Voskhod-2 stał się ulepszoną wersją pierwszego statku kosmicznego, na którym w 1964 roku po raz pierwszy poleciało jednocześnie trzech kosmonautów: Władimir Komarow, Konstantin Feoktistow i Borys Jegorow. Kokpit był tak ciasny, że musieli latać bez skafandrów, a w przypadku rozhermetyzowania statku groziła im nieuchronna śmierć. Waga Vostok-2 wynosiła prawie 6 ton, średnica 2,5 metra, a wysokość prawie 4,5 metra. Nowy statek kosmiczny został przystosowany do lotu dwóch osób i wyposażony w unikalną nadmuchiwaną śluzę do spacerów kosmicznych „Wołga” - tam komora została napompowana i była gotowa na przyjęcie kosmonauty. Jego średnica zewnętrzna wynosi 1,2 metra, średnica wewnętrzna to tylko 1 metr, a jej długość to 2,5 metra. W ramach przygotowań do lądowania kamera oddała strzał i statek wylądował bez niej.

Należy zauważyć, że lot Voskhod-2 ze śluzą powietrzną i załogą na pokładzie był ryzykowny, ponieważ nie można było wcześniej sprawdzić działania wszystkich systemów. 22 lutego 1965, niecały miesiąc przed lotem Bielajewa i Leonowa, bezzałogowy statek kosmiczny Kosmos-57 (kopia Wostoka-2) został wysadzony podczas lotu testowego z powodu błędnego polecenia samozniszczenia.

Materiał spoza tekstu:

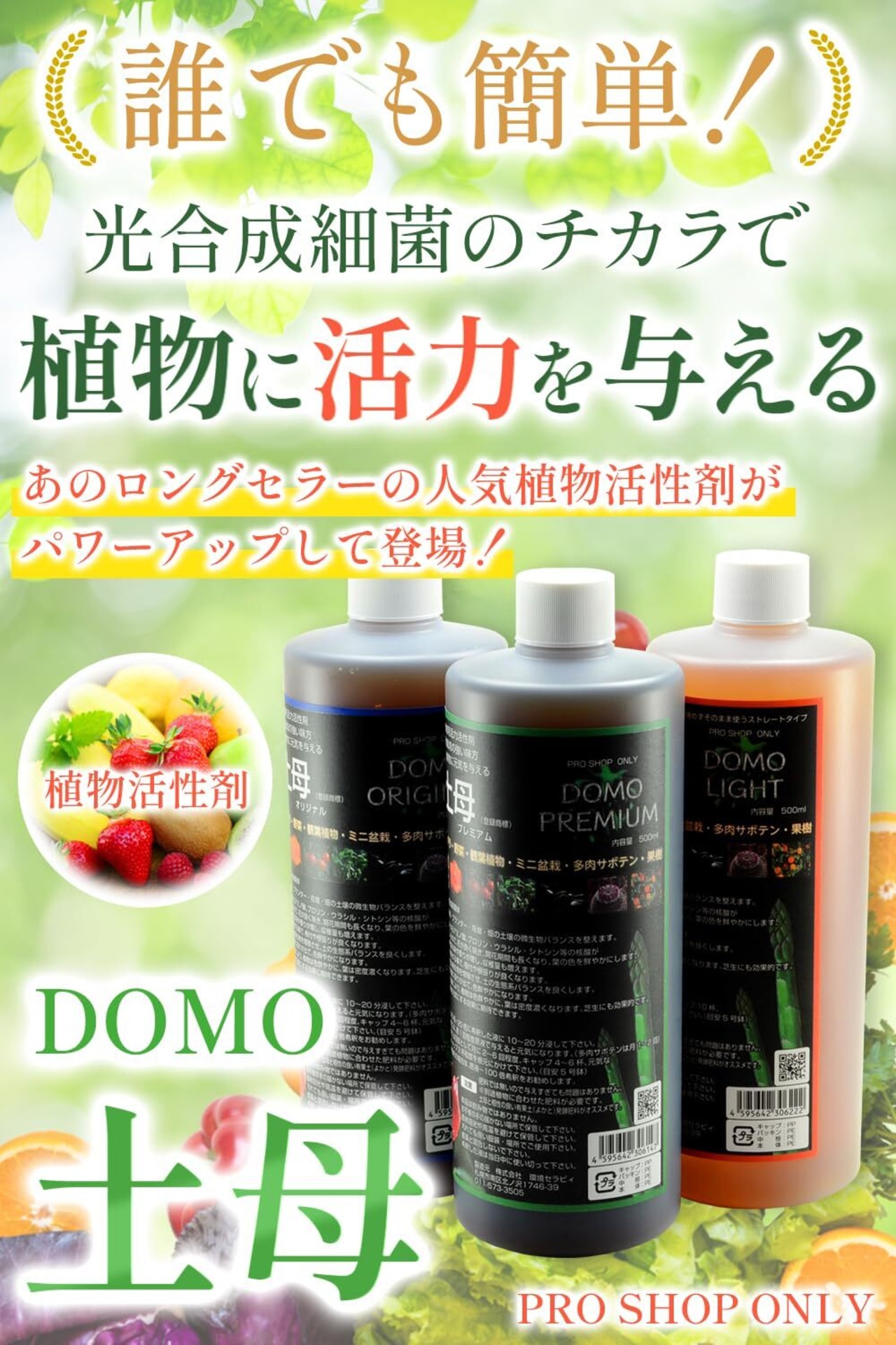 土母について:光合成細菌という微生物のが主成分の植物活性剤です。土壌にいる有益な微生物を増殖させたりバランスを整えることで、植物を元気にします。
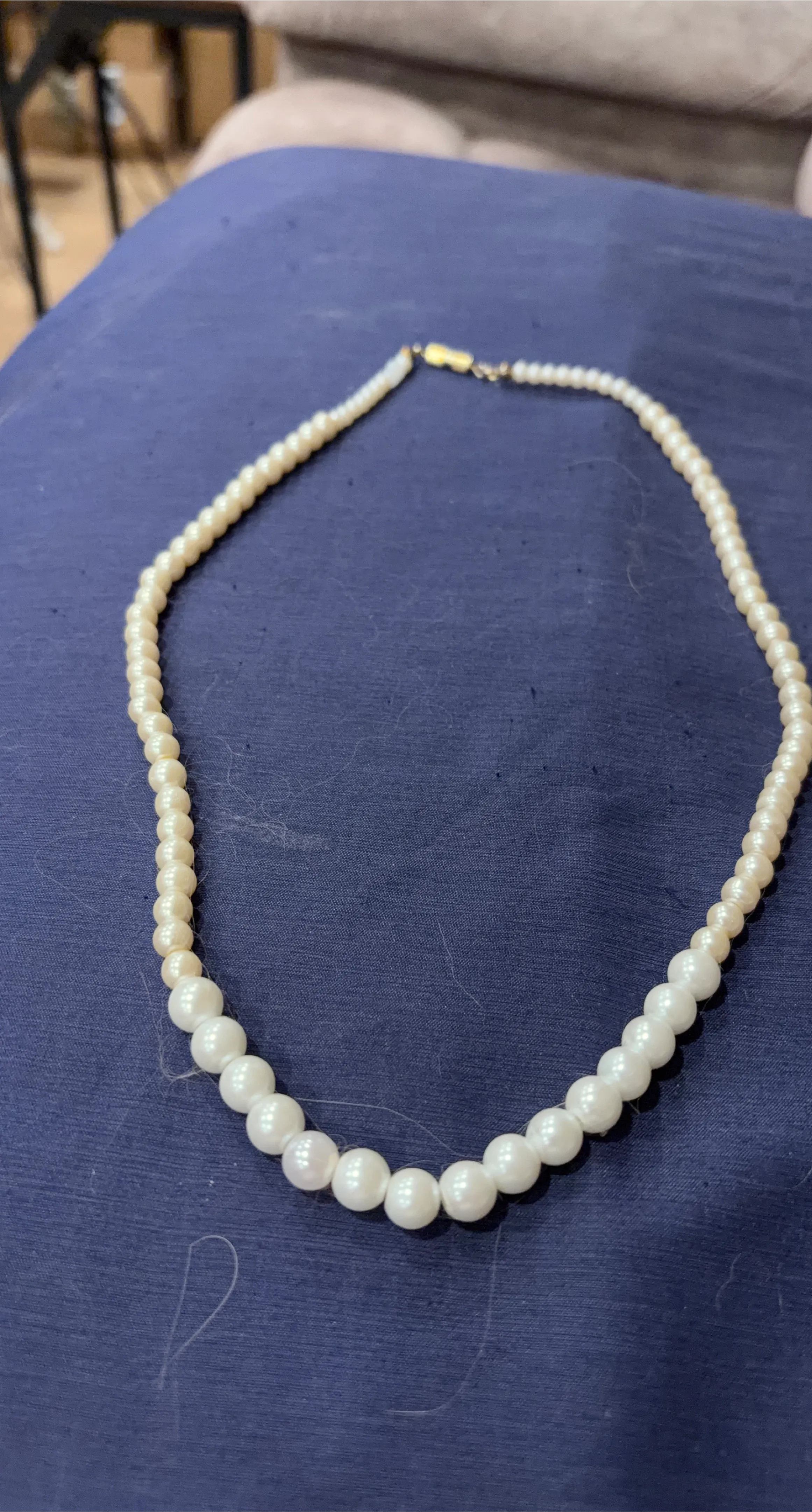 A classic strand of white faux pearls is strung together with a simple gold-toned clasp. The pearls graduate in size, with larger ones at the front. This necklace adds a touch of elegance to any outfit. It's a versatile accessory for both casual and formal occasions.

Mimo to Korolev (główny projektant całego programu) i Keldysh (prezes Akademii Nauk ZSRR), po konsultacji z kosmonautami, postanowili nie odwoływać planowanego lotu.

Zbroja

Pierwszy skafander do spacerów kosmicznych nosił nazwę „Berkut” (nawiasem mówiąc, wszystkie skafandry radzieckie i rosyjskie noszą nazwy ptaków drapieżnych: „Orlan”, „Jastrząb”, „Sokół”, „Krechet”) wraz z plecakiem to ważył 40 kilogramów, co oczywiście nie ma znaczenia w warunkach zerowej grawitacji, ale daje wyobrażenie o powadze projektu. Wszystkie systemy były tak proste, jak to tylko możliwe, ale skuteczne. Na przykład projektanci postanowili zrezygnować z jednostki regeneracyjnej, aby zaoszczędzić miejsce, a wydychany dwutlenek węgla był uwalniany przez zawór bezpośrednio w przestrzeń kosmiczną.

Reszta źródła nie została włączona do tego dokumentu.